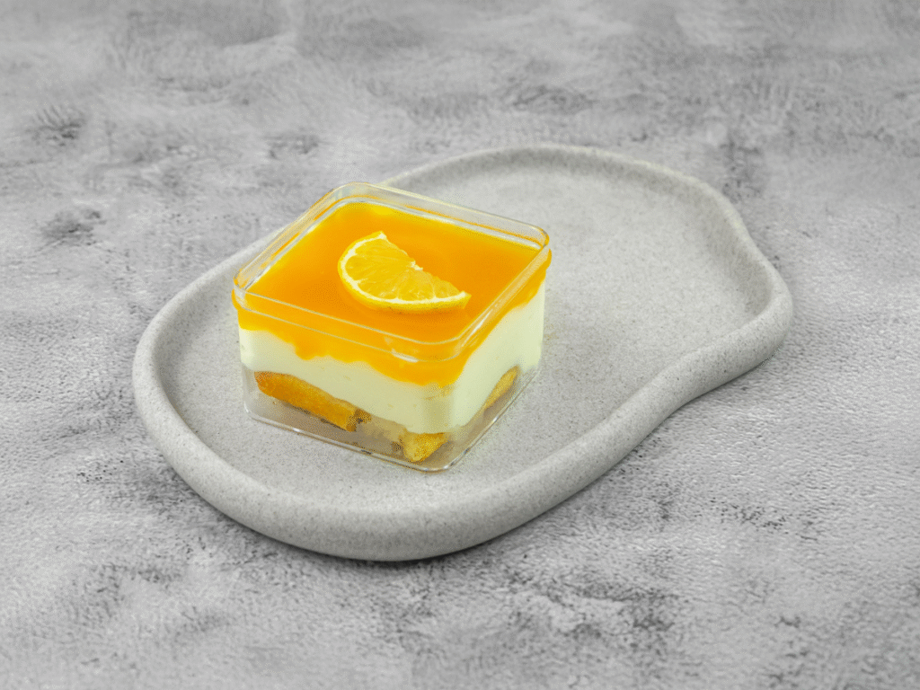 Vanila cake with cheese cream topped with homemade passion fruit sauce
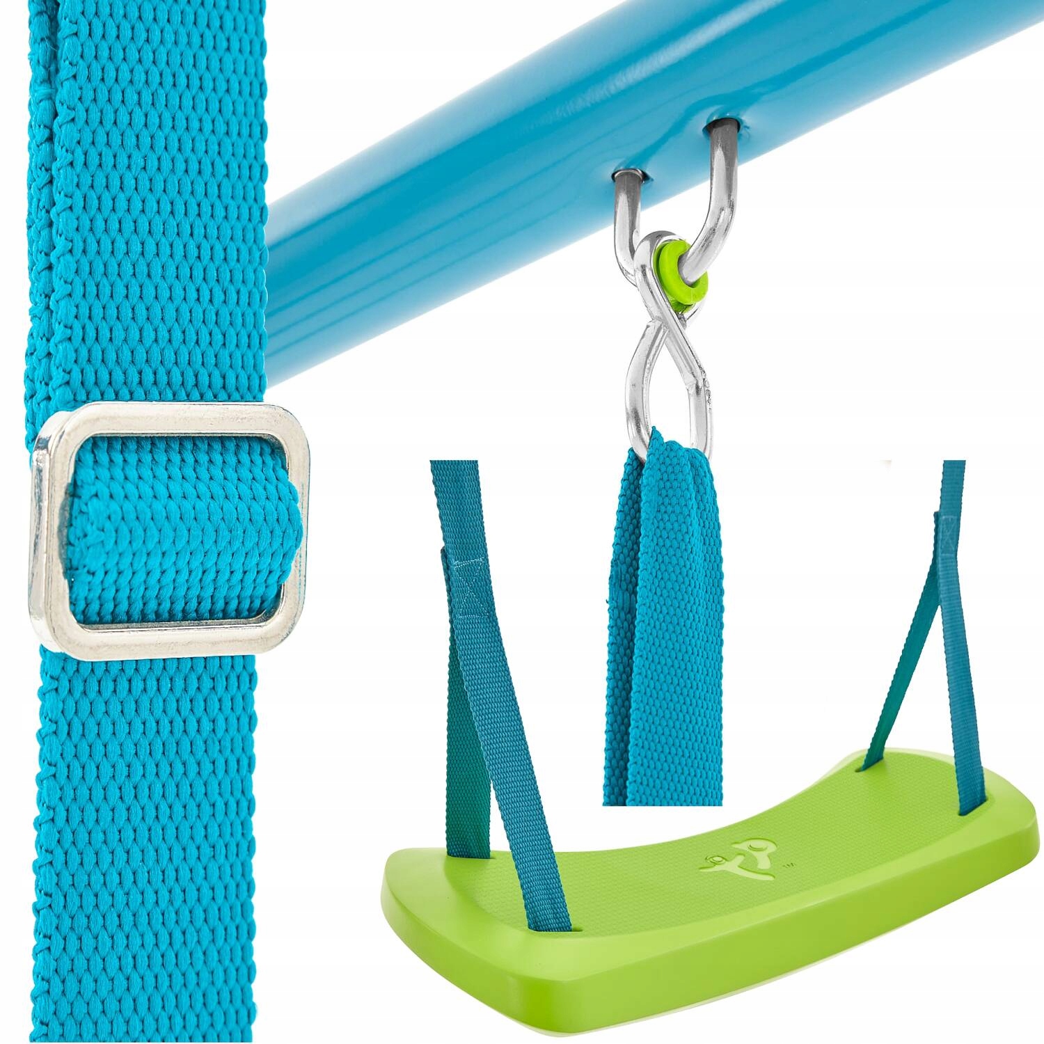Качели изготовлены из прочной стали с порошковым покрытием. Правильно защищенные металлические элементы гарантируют безопасное развлечение на долгие годы. Все дополнительные элементы качелей, такие как сиденья, крючки, веревки и т. д., очень высокого качества и полностью безопасны для маленьких пользователей.
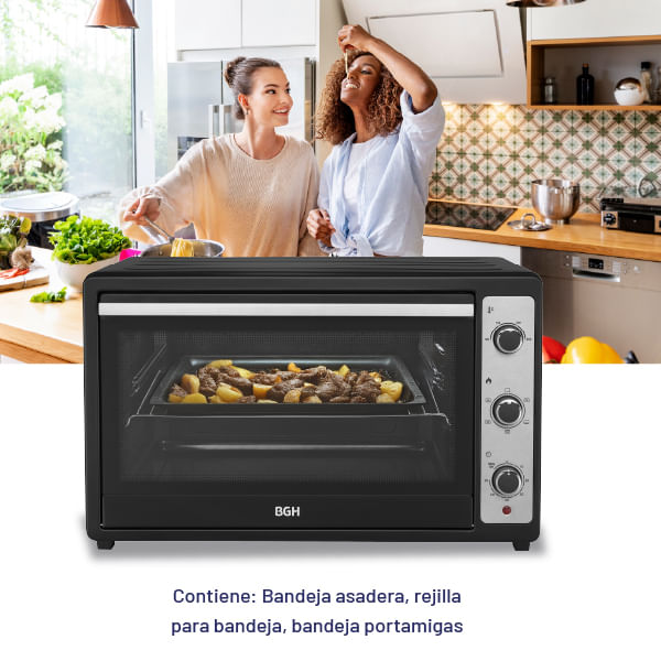 El horno eléctrico BGH BHE80M25I es la solución perfecta para quienes buscan versatilidad y potencia en la cocina. Con su gran capacidad de 80 litros, permite preparar comidas completas para toda la familia. Su panel mecánico es fácil de usar y cuenta con timer de hasta 60 minutos y función “Stay On” para cocciones prolongadas. Gracias a sus funciones de grill y convección, logra resultados crocantes y uniformes en carnes, vegetales, panes y más. La luz interior permite seguir el proceso sin abrir la puerta, manteniendo la temperatura constante. Ideal para quienes buscan un horno confiable, potente y con diseño moderno. Palabras clave: horno eléctrico BGH, horno con grill, horno con convección, horno mecánico, horno 80 litros, horno con luz interior.
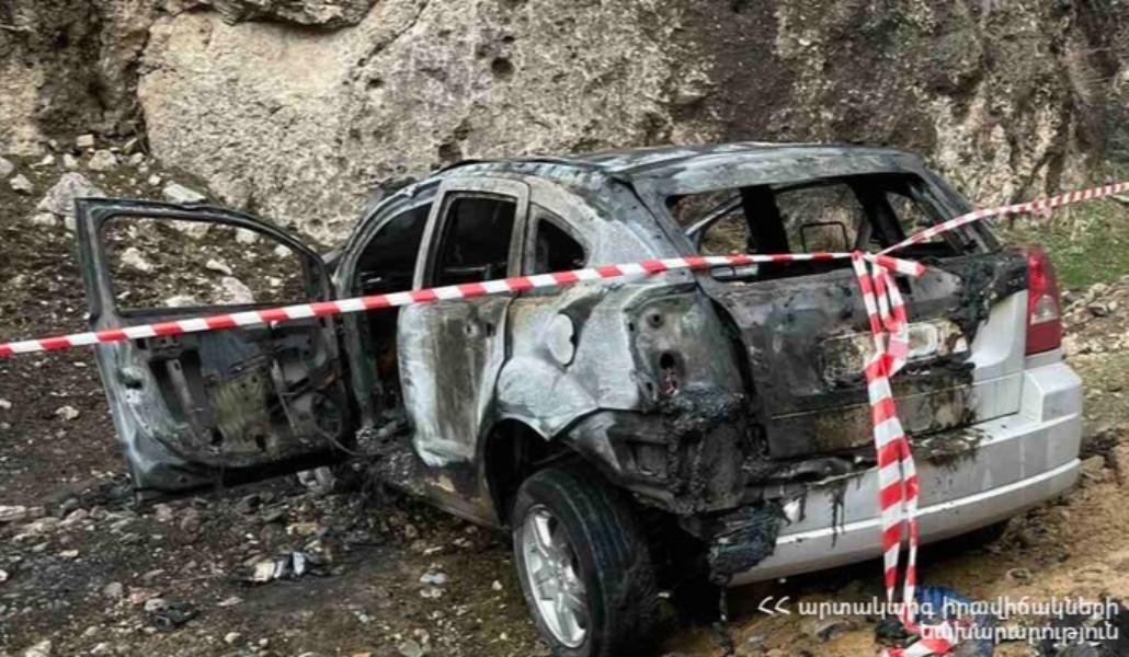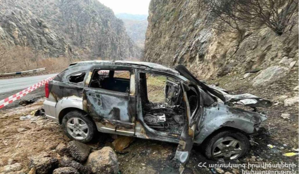 Մեքենան բախվել է ժայռին, գլխիվայր շրջվել և բռնկվել․ լուսանկարներ
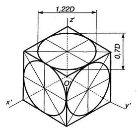 Відкладаючи паралельно координатним осям натуральні величини відрізків, дістаємо, що великі осі еліпсів дорівнюють 1, 22 D, а малі — 0, 7 D. Побудуємо дві проекції втулки (рис. 3, а) та ізометрію цієї втулки з вирізом передньої чверті (рис. 3, б). Побудову рекомендується починати із зображення в ізометрії горизонтальної проекції деталі. Маючи горизонтальну проекцію, легко за допомогою вертикальних ліній, на яких відкладаються розміри, взяті з фронтальної проекції, завершити побудову. Напрям ліній штриховки визначають після відкладання на осях однакових відрізків.
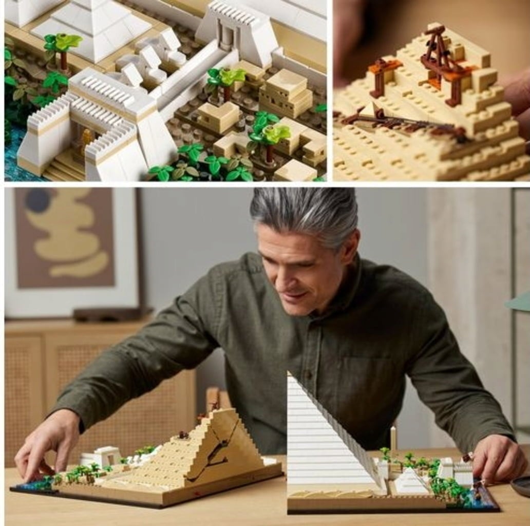 Ga terug in de tijd naar de hoogtijdagen van de vierde dynastie met dit geweldige LEGO Architecture model. Ontdek de Grote Piramide als een gedetailleerd dwarsdoorsnedemodel dat je zelfs een kijkje in de binnenkant geeft. Als je de bekleding van de piramide verwijdert, ontdek je het eeuwenoude steenbewegingssysteem. Naast het imposante bouwwerk zelf bevat de set ook twee boten, twee kleinere piramides, twee dodentempels, sfinxbeelden, een arbeidersdorp en een obelisk. Als je niet houdt van halve dingen, kun je een tweede set bestellen om de vorm van de piramide compleet te maken.
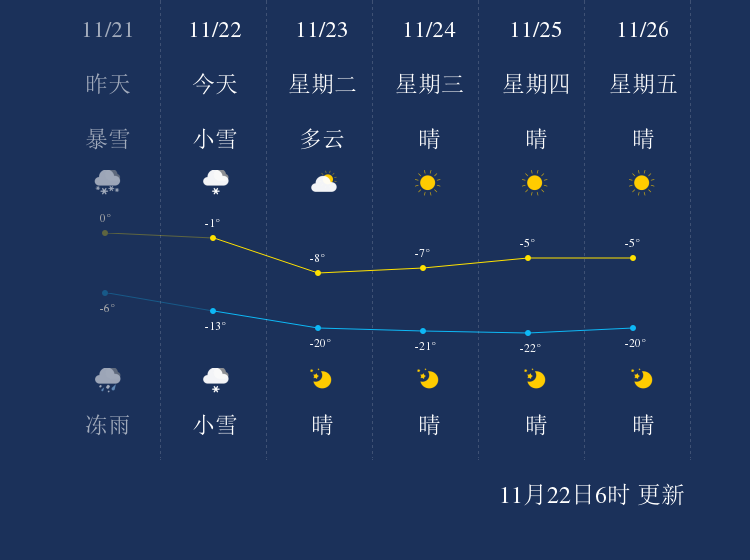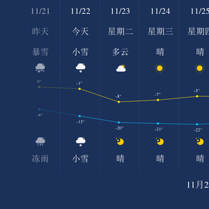 预计,今天白天小雪,最高气温-1℃,西风3-4级,今天夜间小雪,最低气温-13℃,微风。
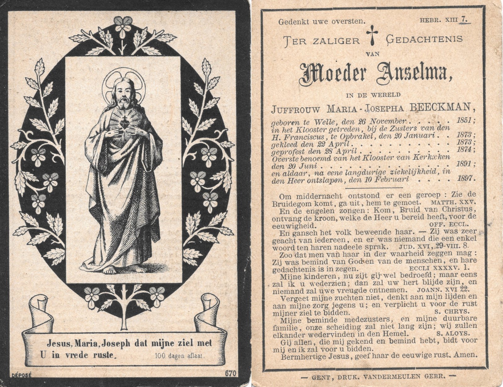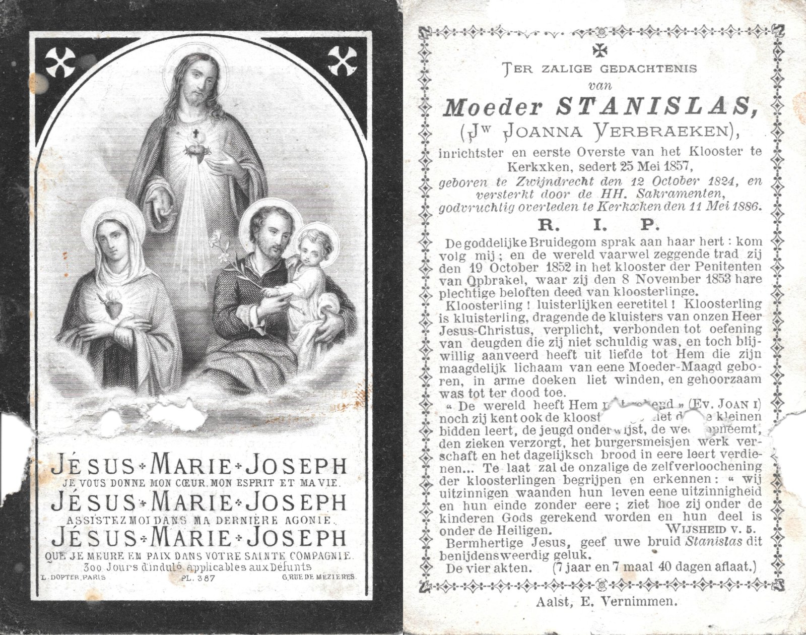 | Verbraeken Joanna, Moeder Stansislas | Zwijndrecht | 25/05/1857 | Kerksken | 11/05/1886 |

+++

Reproduce the lines from the one with "Մեքենան բախվել է" through the end of the data, keeping both end lines, adding nothing, and dropping any pictures.

**Result for this exercise:**
 Մեքենան բախվել է ժայռին, գլխիվայր շրջվել և բռնկվել․ լուսանկարներ
 Відкладаючи паралельно координатним осям натуральні величини відрізків, дістаємо, що великі осі еліпсів дорівнюють 1, 22 D, а малі — 0, 7 D. Побудуємо дві проекції втулки (рис. 3, а) та ізометрію цієї втулки з вирізом передньої чверті (рис. 3, б). Побудову рекомендується починати із зображення в ізометрії горизонтальної проекції деталі. Маючи горизонтальну проекцію, легко за допомогою вертикальних ліній, на яких відкладаються розміри, взяті з фронтальної проекції, завершити побудову. Напрям ліній штриховки визначають після відкладання на осях однакових відрізків.
 Ga terug in de tijd naar de hoogtijdagen van de vierde dynastie met dit geweldige LEGO Architecture model. Ontdek de Grote Piramide als een gedetailleerd dwarsdoorsnedemodel dat je zelfs een kijkje in de binnenkant geeft. Als je de bekleding van de piramide verwijdert, ontdek je het eeuwenoude steenbewegingssysteem. Naast het imposante bouwwerk zelf bevat de set ook twee boten, twee kleinere piramides, twee dodentempels, sfinxbeelden, een arbeidersdorp en een obelisk. Als je niet houdt van halve dingen, kun je een tweede set bestellen om de vorm van de piramide compleet te maken.
 预计,今天白天小雪,最高气温-1℃,西风3-4级,今天夜间小雪,最低气温-13℃,微风。
 | Verbraeken Joanna, Moeder Stansislas | Zwijndrecht | 25/05/1857 | Kerksken | 11/05/1886 |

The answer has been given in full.